◆ Provided material ◆

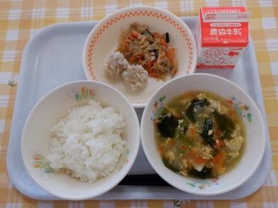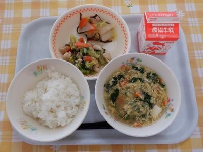 豚肉やチンゲンサイなどの具材を中華スープで味つけし、溶き卵を回し入れ、最後にごま油を入れて完成です。
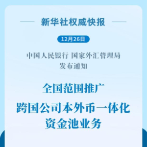 新华社北京12月26日电(记者刘开雄、吴雨)中国人民银行、国家外汇管理局12月26日发布通知,在总结前期部分地区试点经验的基础上,决定在全国范围内推广跨国公司本外币一体化资金池业务,并于发布之日起实施。
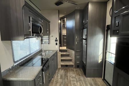 This Toy Hauler is equipped with the amenities needed to explore the great outdoors. Featuring a queen size bed, a pair of Queen bunk beds, and a convertible sofa bed that can accommodate small children comfortably.
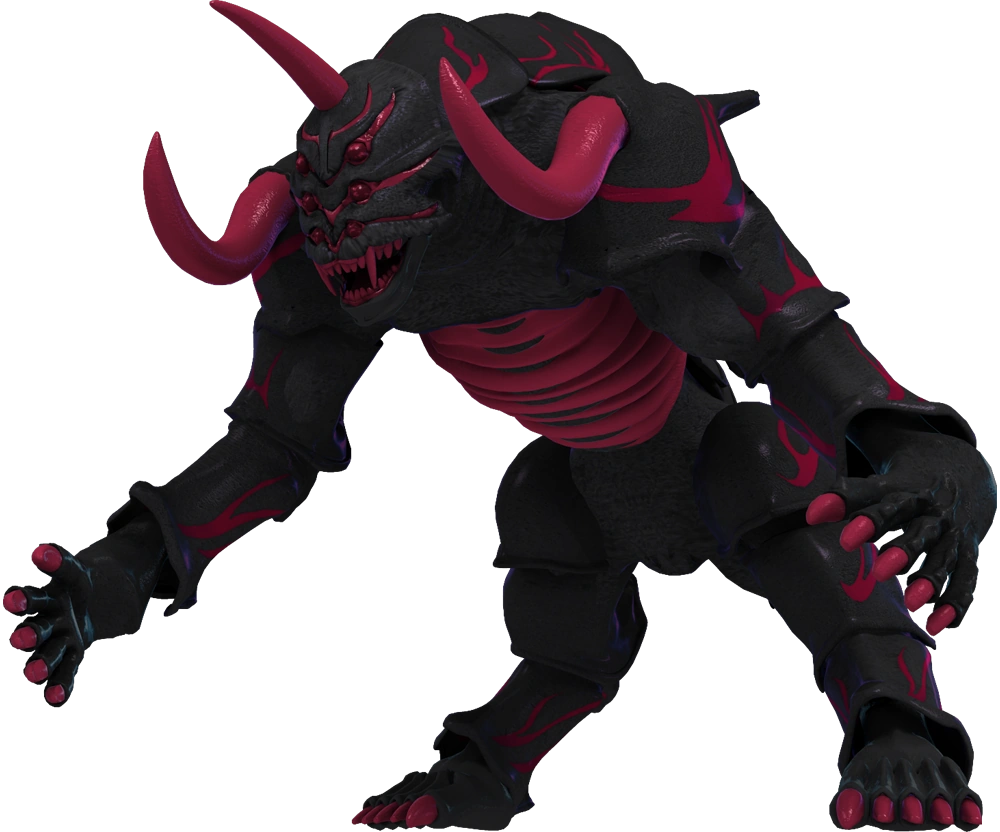 Gigandeath Hell (ギガンデスヘル, Gigandesu Heru) is a terrestrial Gigandeath, Hell combines the elements of an ox, an elephant, and a large cat. It possesses great speed, a thick hide, tusks, and a forehead horn.
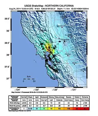 El terremoto de Napa de 2014 fue un terremoto ocurrido a las 03:20 hora local (10:20 UTC) del domingo 24 de agosto de 2014, que alcanzó una magnitud de 6,0 (MW).[1] Según el USGS, el epicentro se localizó a 9 kilómetros al sudoeste de la ciudad de Napa al norte de la ciudad de San Francisco, Estados Unidos. El sismo se ubicó a una profundidad de 11,2 km bajo la corteza terrestre. Fue el temblor más fuerte en la Bahía de San Francisco desde el terremoto de Loma Prieta en 1989.
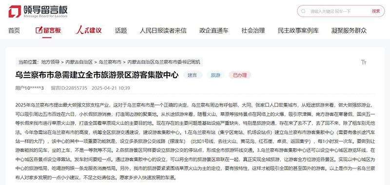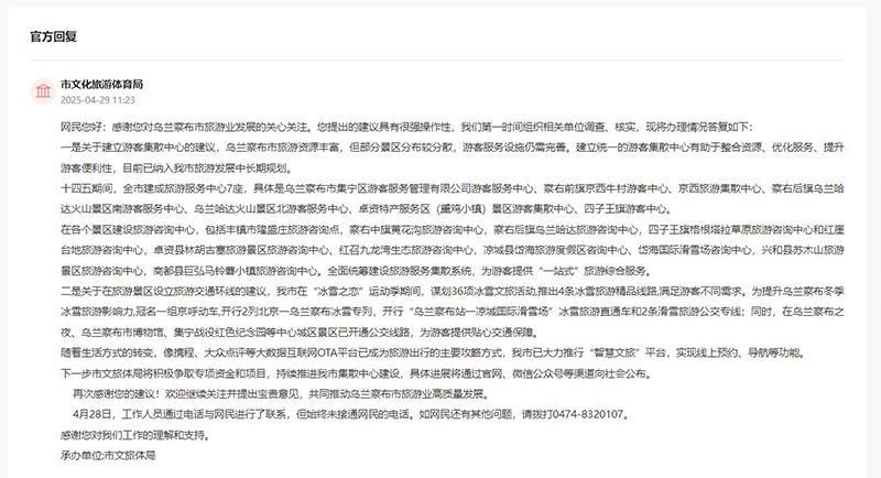 “您提出的建议具有很强操作性,我们第一时间组织相关单位调查、核实。”收到留言后,乌兰察布市文化旅游体育局回复网友建议,关于建立游客集散中心,乌兰察布市旅游资源丰富,但部分景区分布较分散,游客服务设施仍需完善。建立统一的游客集散中心有助于整合资源、优化服务、提升游客便利性,目前已纳入乌兰察布市旅游发展中长期规划。

◆ What is expected ◆
Nothing but the lines from the one that contains "This Toy Hauler" through the last line of the records belongs in the answer, reproduced exactly, with no pictures.

◆ Solution to this task ◆
 This Toy Hauler is equipped with the amenities needed to explore the great outdoors. Featuring a queen size bed, a pair of Queen bunk beds, and a convertible sofa bed that can accommodate small children comfortably.
 Gigandeath Hell (ギガンデスヘル, Gigandesu Heru) is a terrestrial Gigandeath, Hell combines the elements of an ox, an elephant, and a large cat. It possesses great speed, a thick hide, tusks, and a forehead horn.
 El terremoto de Napa de 2014 fue un terremoto ocurrido a las 03:20 hora local (10:20 UTC) del domingo 24 de agosto de 2014, que alcanzó una magnitud de 6,0 (MW).[1] Según el USGS, el epicentro se localizó a 9 kilómetros al sudoeste de la ciudad de Napa al norte de la ciudad de San Francisco, Estados Unidos. El sismo se ubicó a una profundidad de 11,2 km bajo la corteza terrestre. Fue el temblor más fuerte en la Bahía de San Francisco desde el terremoto de Loma Prieta en 1989.
 “您提出的建议具有很强操作性,我们第一时间组织相关单位调查、核实。”收到留言后,乌兰察布市文化旅游体育局回复网友建议,关于建立游客集散中心,乌兰察布市旅游资源丰富,但部分景区分布较分散,游客服务设施仍需完善。建立统一的游客集散中心有助于整合资源、优化服务、提升游客便利性,目前已纳入乌兰察布市旅游发展中长期规划。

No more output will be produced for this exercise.